Mixed-integer linear programming approaches for tree partitioning of power networks

TL;DR

The paper tackles mitigating cascading failures in transmission networks by refining topology through targeted line switching to create a tree-like partitioning that localizes disturbances. It builds a unified MILP framework that can solve variants focused on minimizing post-switching power-flow disruption or network congestion, and it couples this with a two-stage heuristic (Tree Partition Identification followed by Optimal Line Switching) to scale to larger networks. Across extensive experiments and cascading failure simulations, the authors demonstrate that tree partitioning can substantially reduce lost load compared to the original network, with the exact MILP yielding higher-quality solutions and the two-stage approach offering faster results.
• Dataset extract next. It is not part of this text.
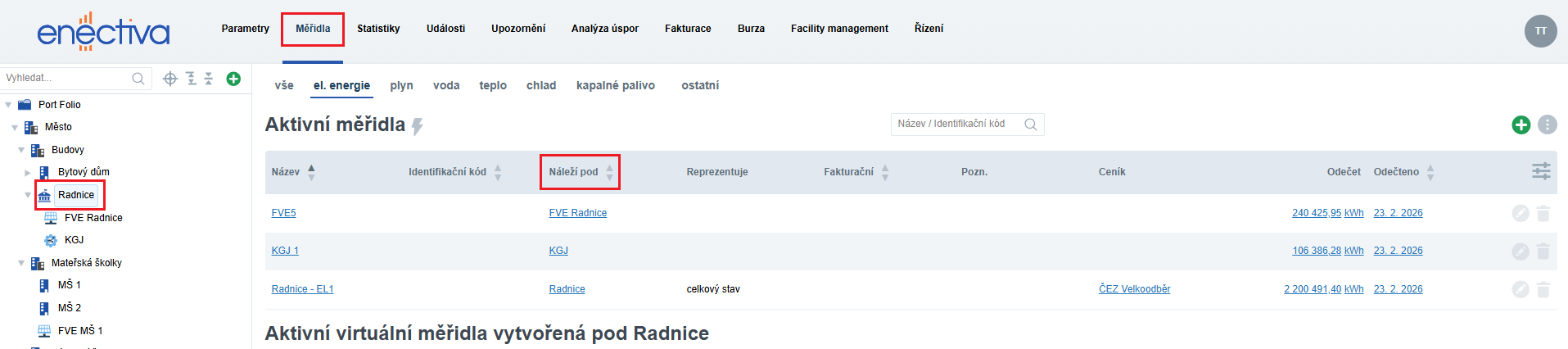 Po výběru objektu v levém panelu se aktualizuje obsah hlavní části obrazovky. Zobrazená data odpovídají výběru a všem podřízeným objektům. Například po otevření záložky Měřidla se zobrazí všechna měřidla vybraného objektu a všech jeho podřízených objektů.

The work provides a practical, scalable optimization toolbox for topology-based resilience design and establishes a foundation for future extensions to AC power flow models and more detailed operational constraints.

Abstract

In transmission networks, power flows and network topology are deeply intertwined due to power flow physics. Recent literature shows that a specific more hierarchical network structure can effectively inhibit the propagation of line failures across the entire system. In particular, a novel approach named tree partitioning has been proposed, which seeks to bolster the robustness of power networks through strategic alterations in network topology, accomplished via targeted line switching actions. Several tree partitioning problem formulations have been proposed by considering different objectives, among which power flow disruption and network congestion. Furthermore, various heuristic methods based on a two-stage and recursive approach have been proposed. The present work provides a general framework for tree partitioning problems based on mixed-integer linear programming (MILP). In particular, we present a novel MILP formulation to optimally solve tree partitioning problems and also propose a two-stage heuristic based on MILP. We perform extensive numerical experiments to solve two tree partitioning problem variants, demonstrating the excellent performance of our solution methods. Lastly, through exhaustive cascading failure simulations, we compare the effectiveness of various tree partitioning strategies and show that, on average, they can achieve a substantial reduction in lost load compared to the original topologies.

Figures (4)

• Figure 1: Tree partitioning of the IEEE-73 network with provable line failure localization properties. The three clusters connected in a tree-like manner have been obtained by switching off only three transmission lines (in red).
• Figure 2: (a) A graph $G$ with colors representing a partition $\mathcal{P}$ into three clusters. (b) The reduced graph $G_\mathcal{P}$ that corresponds to the partition in (a).
• Figure 3: Illustration of the two-stage approach. (a) A power network $G$ with three generator groups. (b) A 3-partition $\mathcal{P}$ respecting the generator coherency constraints. (c) A tree partition $\mathcal{P}$ of $G^\mathcal{E}$, where the red lines $\mathcal{E}$ are switched off.
• Figure 4: Average lost loss (as % of initial network load) during cascading failure simulations. Results compare the original network against four tree-partitioned networks: power flow disruption (PFD) and network congestion (NC), each solved with single-stage (1-ST) and two-stage (2-ST) approaches.